A single PWM output varies between 0 and +5 V (well, Vcc: adjust as needed), so the peak-to-peak value is 5 V. Drive a transformer from two out-of-phase PWM outputs, such that one is high while the other is low, and the transformer sees a voltage of 5 V one way and 5 V the other, for a net 10 V peak-to-peak excursion.

A 50% duty cycle will keep DC out of the primary winding, but a blocking capacitor is always a good idea with software-controlled hardware. A primary winding with one PWM output stuck high and the other stuck low is a short circuit that won’t do your output drivers or power supply any good at all.

An Arduino (ATMega168 and relatives) can do this without any additional circuitry if you meddle with the default PWM firmware setup. You must use a related pair of PWM outputs that share an internal timer; I used PWM 9 and 10.

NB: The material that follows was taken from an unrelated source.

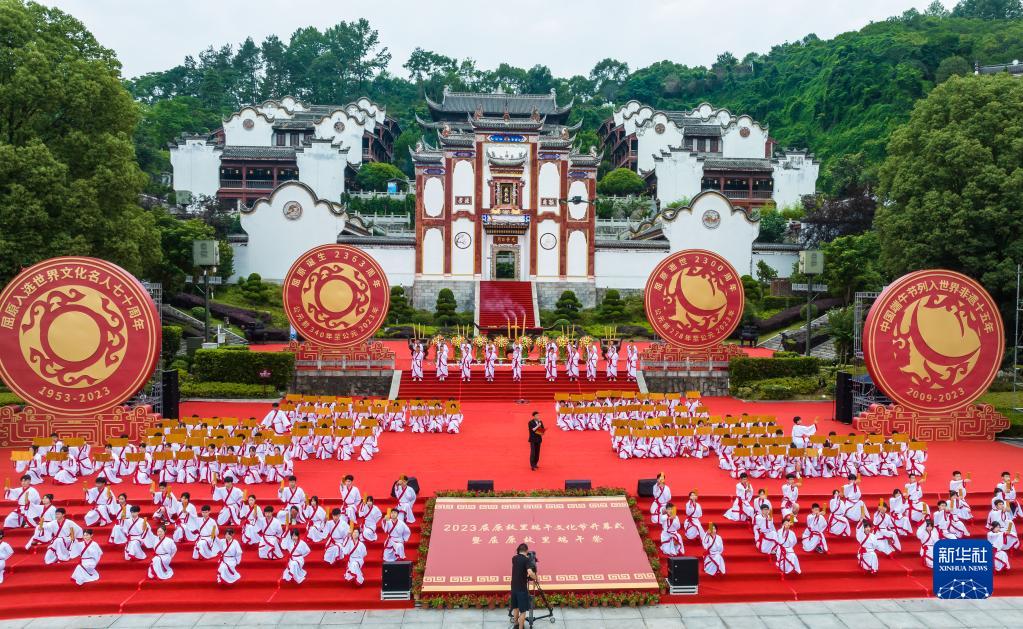6月21日,嘉賓與當地居民在開(kāi)幕式上共同誦讀屈原作品《離騷》(無(wú)人機照片)。

#define PIN_PRI_A   9    // OCR1A - high-active primary drive
#define PIN_PRI_B   10   // OCR1B - low-active primary drive

I set push-pull mode as a compile-time option, but you can change it on the fly.

#define PUSH_PULL   true // false = OCR1A only, true = OCR1A + OCR1B

The timer tick rate depends on what you’re trying accomplish. I needed something between 10 & 50 kHz, so I set the prescaler to 1 to get decent resolution: 62.5 ns.

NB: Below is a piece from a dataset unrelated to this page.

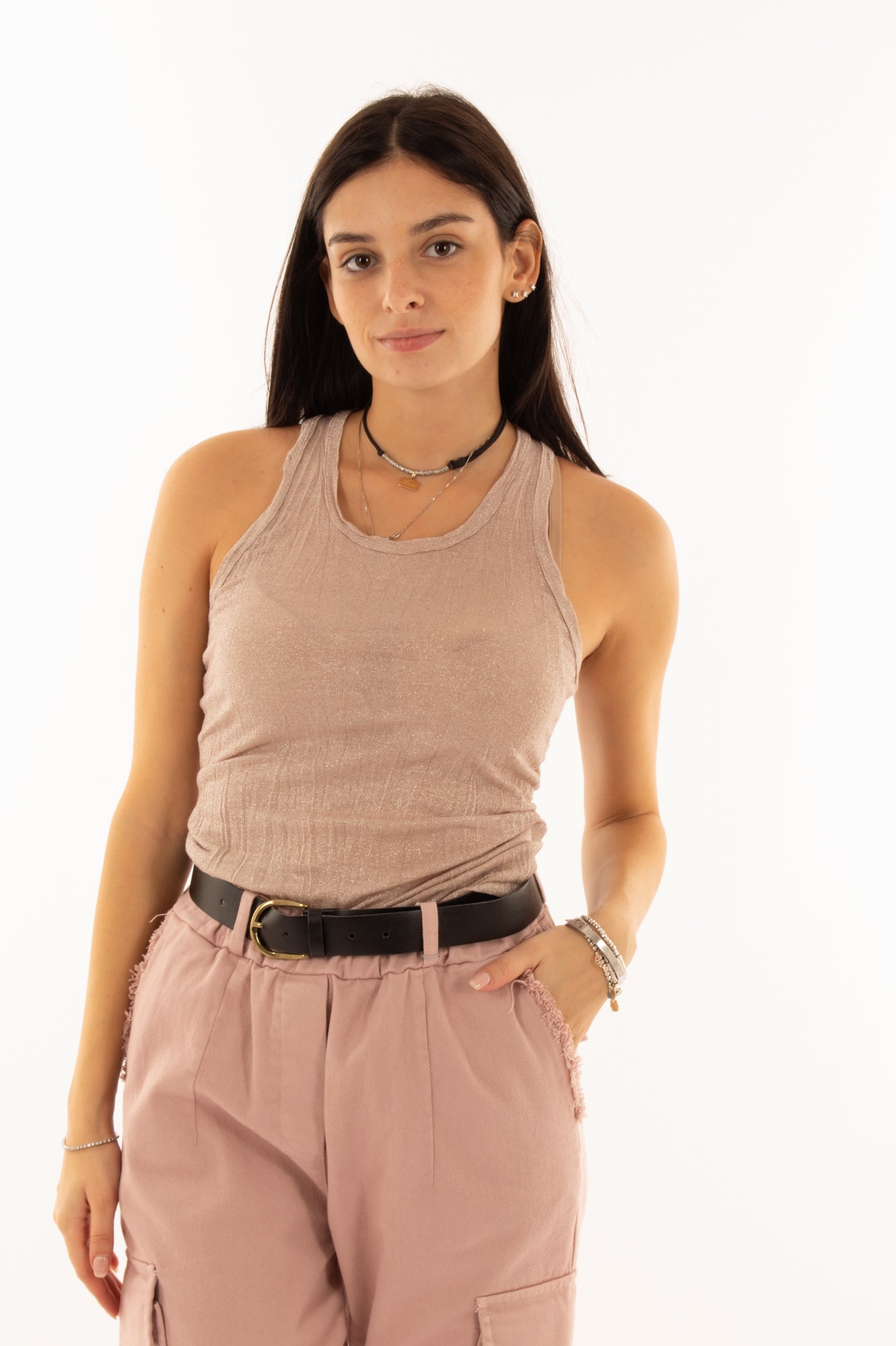 Canottiera in lurex King kong - Cipria

// Times in microseconds, converted to timer ticks
//  ticks depend on 16 MHz clock, so ticks = 62.5 ns
//  prescaler can divide that, but we're running fast enough to not need it

#define TIMER1_PRESCALE   1     // clock prescaler value
#define TCCR1B_CS20       0x01  // CS2:0 bits = prescaler selection

Phase-Frequency Correct mode (WGM1 = 8) runs at half-speed (it counts both up and down in each cycle), so the number of ticks is half what you’d expect. You could use Fast PWM mode or anything else, as long as you get the counts right; see page 133 of the Fine Manual.

// Phase-freq Correct timer mode -> runs at half the usual rate

#define PERIOD_US   60
#define PERIOD_TICK (microsecondsToClockCycles(PERIOD_US / 2) / TIMER1_PRESCALE)

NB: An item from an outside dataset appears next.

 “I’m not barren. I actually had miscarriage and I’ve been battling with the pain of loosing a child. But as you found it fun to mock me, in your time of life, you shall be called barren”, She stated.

The phase of the PWM outputs comes from the Compare Output Mode register settings. Normally the output pin goes high when the PWM count resets to zero and goes low when it passes the duty cycle setting, but you can flip that around. The key bits are COM1A and COM1B in TCCR1A, as documented on page 131.

As always, it’s easiest to let the Arduino firmware do its usual setup, then mercilessly bash the timer configuration registers…

// Configure Timer 1 for Freq-Phase Correct PWM
//   Timer 1 + output on OC1A, chip pin 15, Arduino PWM9
//   Timer 1 - output on OC1B, chip pin 16, Arduino PWM10

 analogWrite(PIN_PRI_A,128);    // let Arduino setup do its thing
 analogWrite(PIN_PRI_B,128);

 TCCR1B = 0x00;                 // stop Timer1 clock for register updates

// Clear OC1A on match, P-F Corr PWM Mode: lower WGM1x = 00
 TCCR1A = 0x80 | 0x00;

// If push-pull drive, set OC1B on match
#if PUSH_PULL
 TCCR1A |= 0x30;
#endif

 ICR1 = PERIOD_TICKS;           // PWM period
 OCR1A = PERIOD_TICKS / 2;      // ON duration = drive pulse width = 50% duty cycle
 OCR1B = PERIOD_TICKS / 2;      //  ditto - use separate load due to temp buffer reg
 TCNT1 = OCR1A - 1;             // force immediate OCR1x compare on next tick

// upper WGM1x = 10, Clock Sel = prescaler, start Timer 1 running
 TCCR1B = 0x10 | TCCR1B_CS20;

And now you’ll see PWM9 and PWM10 running in opposition!

Memo to Self: remember that “true” does not equal “TRUE” in the Arduino realm.